Методология исследования. Большое значение имеют для нас принципы отношения к художественному произведению, выработанные русской религиозно-философской критикой. Кстати, именно Ф.М. Достоевский был наиболее значимым писателем для B.C. Соловьева, В.В. Розанова, Н.А. Бердяева и других отечественных мыслителей. Суть религиознофилософского подхода к литературному тексту заключается в том, что авторы отказываются от всестороннего анализа произведения и рассматривают его как феномен духовной жизни, проявивший себя в словесности. Особое внимание уделяется подтексту, позволяющему за событиями российской жизни XIX века увидеть драмы и трагедии библейского уровня. Религиозно-философский метод предполагает рассмотрение и оценку этического уровня произведения, его учительной миссии, позволяющей видеть в Ф.М. Достоевском пророка, обладающего даром предсказывать новые повороты в духовном развитии мира. Важно, что в религиозно-философской критике авторы статей и книг не стремятся подтвердить буквальное соответствие идей писателя основам православного христианства. Значительно важнее показать самобытность и неповторимость мысли Ф.М. Достоевского.

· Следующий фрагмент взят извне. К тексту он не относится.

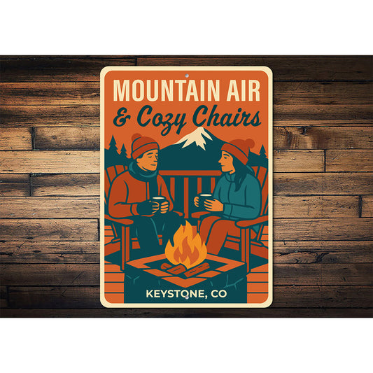 Vintage 'Mountain Air & Cozy Chairs' Keystone Co Metal Sign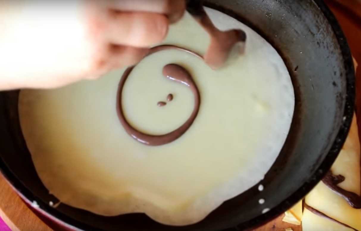 - Теперь, предварительно залив в чайничек с носиком шоколадное тесто нужно вливать коричневую массу сверху белого блина. При этом шоколадное тесто вливается так, чтобы на белом блинчике образовались коричневые кольца.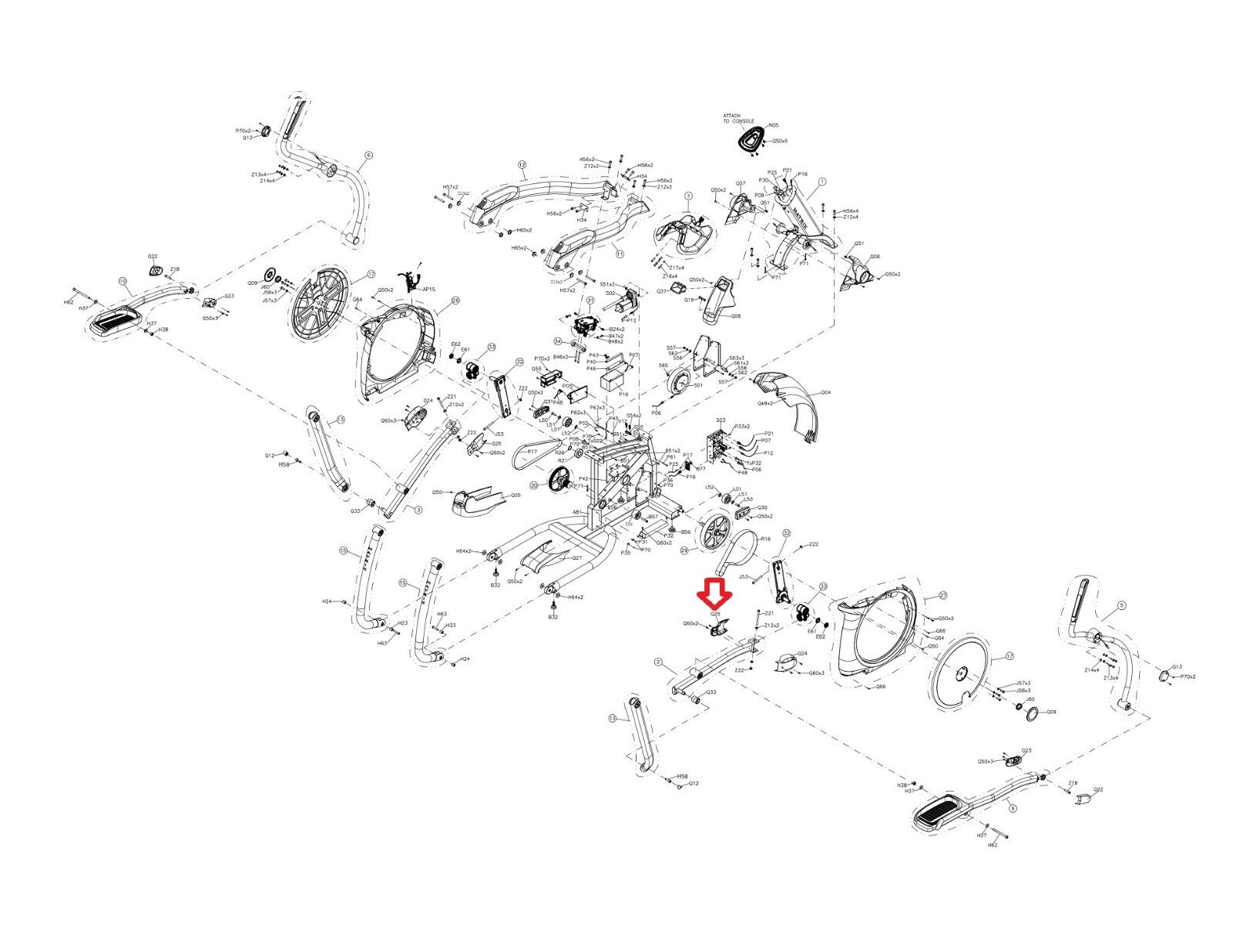 Matrix Commercial Fitness Elliptical Swim Arm Inside Cover 0000095179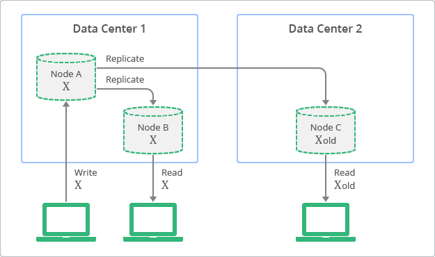 圖 1 展示具有最終一致性的複製概念。此圖說明儘管隨時都能讀取副本,但部分副本遲早會發生與來源節點最新寫入值不一致的情況。在本圖中,節點 A 為來源節點,而節點 B 和節點 C 為副本。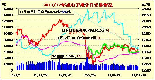 11月19日撮合市場各合同開盤高低不一,日內(nèi)窄幅整理,終盤漲跌互現(xiàn)。當(dāng)日MA1212和MA1304合同價(jià)格上漲,分別漲11元/噸和26元/噸。其余合同均有不同程度的下跌,跌8—52元/噸不等。交易總成交10420噸,較上一交易日增140噸,訂貨量減860噸,累計(jì)訂貨53640噸?;久嫔?,全棉紗行情變化不大,中低檔紗延續(xù)偏弱走勢,出貨不暢;高檔紗方面銷售稍好,部分紗廠停機(jī)現(xiàn)場依然存在。紡織企業(yè)利潤情況有所改善,但仍有虧損現(xiàn)象存在,再加上其看談后市,生產(chǎn)的積極性不高,并不打算大量購買原料。近期市場因?yàn)槭諆?chǔ)而缺乏高等級棉的狀況,因紡織企業(yè)購買熱情不高、港口到港的低價(jià)外棉量逐漸增加及政策的不確定性,似乎正在漸漸失去提振市場的作用。

Единственный для нас недостаток многих статей о Ф.М. Достоевском, написанных русскими мыслителями рубежа XIX-XX веков, в не слишком большом внимании к конкретному литературоведческому анализу. Мы считаем, что поставленную в диссертации проблему необходимо решать не утверждением общих положений, а частным анализом, внимательным прочтением текстов с точки зрения эсхатологических идей и мотивов. «Практически каждый эпизод романа подлежит нескольким прочтениям, которые не исключают друг друга, но существуют как бы на разных уровнях, в совокупности создавая весь объем текстового пространства. Текст приобретает свойство сверхплотности, очевидно потому, что, как из зародышевого кристалла, вырастает из евангельского текста, по определения сверхплотностью обладающего: в центре «Преступления и наказания» помещен эпизод чтения XI главы Евангелия от Иоанна о воскрешении Лазаря. Евангельский текст как бы формирует вокруг себя структурно сродный себе текст романа», - пишет Т. Касаткина о перспективности «постраничного комментирования» романа «Преступление и наказание» (59).
Многоуровневое истолкование», о котором пишет Т. Касаткина, мы применяем и к другим романам изучаемого в диссертации писателя.
Важен для нас и научный метод М.М. Бахтина, позволивший выявить диалогические принципы художественного сознания Ф.М. Достоевского. Именно эта идея позволила нам выделить «эсхатологический диалог» как самый значительный предмет изучения поэтики Ф.М. Достоевского. Большое влияние оказали на нас работы В.П. Попова и личное общение с ним в ходе работы над диссертацией. Методология В.П. Попова соединяет внимательное отношение к тексту, детальное прочтение произведения с включением художественного произведения в контекст духовной жизни мира, в контекст борьбы идей. Ф.М. Достоевский был него писателем, который не художественно решал проблемы эсхатологии, но и пророчествовал о том пути, который может привести к гибели России. «Он разгадал некий, по слову поэта Юрия Кузнецова, «дьявольский план», по которому уже давно развращалась и уничтожалась Россия и который сегодня вновь осуществляется», - писал В.П. Попов, подчеркивая связь литературы и реальности (108, 123). Нас не интересуют политические аспекты проблемы
Ф.М. Достоевский и Апокалипсис», но общий - «эсхатологический» настрой В.П. Попова для нас безусловно важен.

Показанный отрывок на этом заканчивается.